Catatan Ilham Bintang
Program Talkshow Indonesia Lawyers Club yang tayang di TVOne Selasa (8/10) malam menyajikan :” Buzzer, Siapa Yang Bermain”. Seperti lazimnya tema yang disorot ILC adalah topik yang menarik perhatian publik selama sepekan. Produser ILC, Andriy Bima mengundang saya untuk ikut urun rembuk dalam diskusi itu.
Buzzer hari-hari ini memang merupakan topik hangat di tengah masyarakat, sampai sekarang. Menimbulkan kembali silang pendapat dua kubu yang dulu berseberangan : Kampret vs Cebong. Rupanya konflik itu masih berkelanjutan sampai sekarang. Padahal, mestinya sudah reda sejak dua ponggawa mereka sudah bertemu. Berkali- kali.
Mestinya tidak ada lagi kubu 01 maupun kubu 02. Seperti yang dideclare ponggawa kedua belah pihak, kini menjadi 03, mengusung sila 3 Pancasila: Persatuan Indonesia.
Memang ada banyak hal yang memantik perseteruan baru ini. Revisi UU KPK, UKUHP, demonstrasi mahasiswa yang merenggut nyawa dua mahasiswa. Belum lagi tindakan represif aparat pengamanan saat aksi unjuk rasa mahasiswa pelajar, dan sebagainya. Yang menambah gaduh adalah klaim-klaim dua kubu di media sosial. Seperti melanjutkan kisah lama mereka : saling mengaku difitnah. Saling menuduh aktifitas di media sosial adalah buzzer piaraan mereka. Saling tuduh itu buzzer bayaran. Ada pembina diidentifikasi orang yang berasal dari Istana. Maka sebentar saja, populer dengan istilah Buzzer Istana.
Sikap beberapa media pers yang belakangan ( kalau tak mau disebut berbalik) menunjukkan sikap kritis kepada Presiden Jokowi ikut menambah tajam perseteruan. Pembela Jokowi pun terang-terangan menunjukkan kemarahan kepada pihak Majalah Tempo yang dalam tiga edisi terakhir menyajikan coverstory tentang Presiden. Gambar sampulnya dari “Pinokio “ hingga yang terbaru pose Jokowi tanpa kedudukan.
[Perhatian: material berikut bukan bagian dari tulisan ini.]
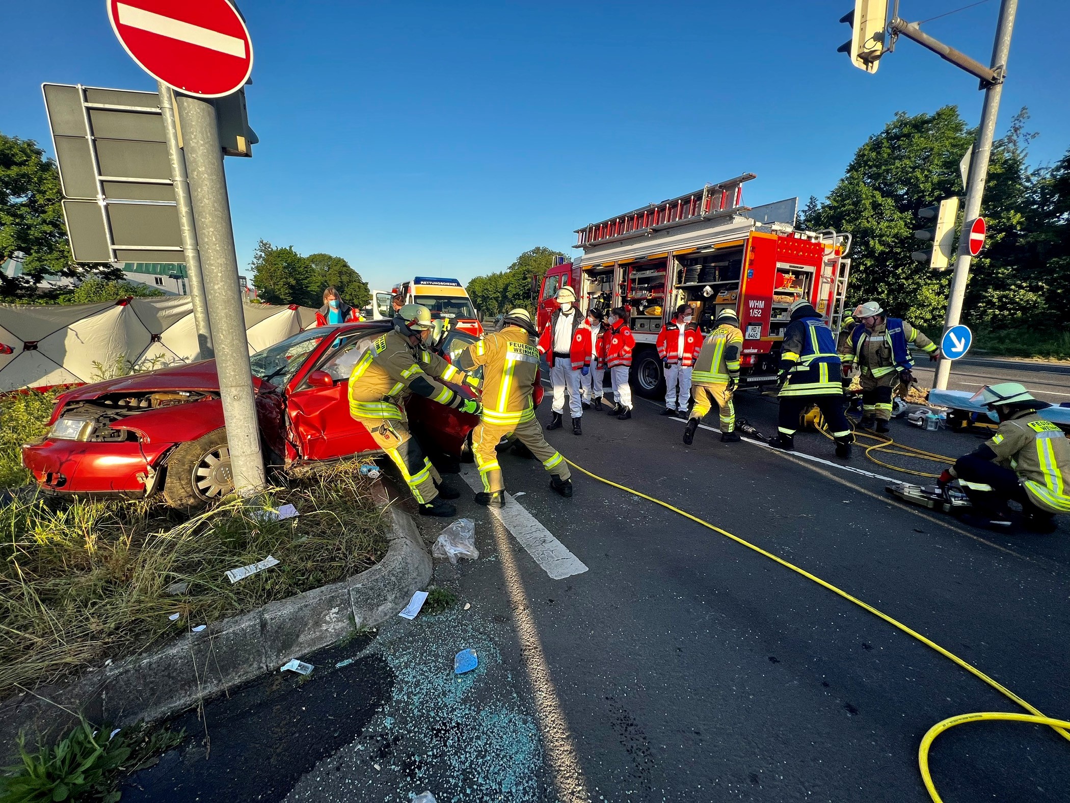 (Quelle: Freiwillige Feuerwehr Weinheim): Feuerwehrleute leisten Hilfe an einem Auto, welches auf einen Ampelmast prallte.

Di sinilah kejelian Karni Ilyas, Pemimpin Redaksi TVOne merangkap host ILC, yang mengangkat topik hangat itu. Pembicara diundang dari pihak yang berseteru, sama jumlahnya kedua pihak, dan sama pula kesempatan dan durasinya bicara. Ada Ustaz Haikal Hasan, dari Istana Ali Mochtar Ngabalin, pegiat medsos Eko Khuntadi. Ada pula beberapa wakil partai Dahniel Azhar, Tsamara Amani. Dari Partai Berkarya, Vasco, Teddy Gusnadi dari PKPI, dan Arya Sinulingga. Pakar media sosial dari Drone Emprit, Ismail Helmy jadi pembicara awal malam itu. Dia mengurai pengertian influencer buzzer, nitizen dan istilah-istilah tehnis khas media sosial.
Beruntung saya mendapat giliran terakhir berbicara, sebelum Menkominfo Rudy Antara yang menjadi penutup ILC yang malam itu tayang hingga lewat malam. Dengan begitu saya bisa menyimak silang pendapat antar pembicara dari dua kubu. Tidak ada kejelasan hingga akhir, debat sarat dengan saling lontar tuduhan. Cukup berimbang.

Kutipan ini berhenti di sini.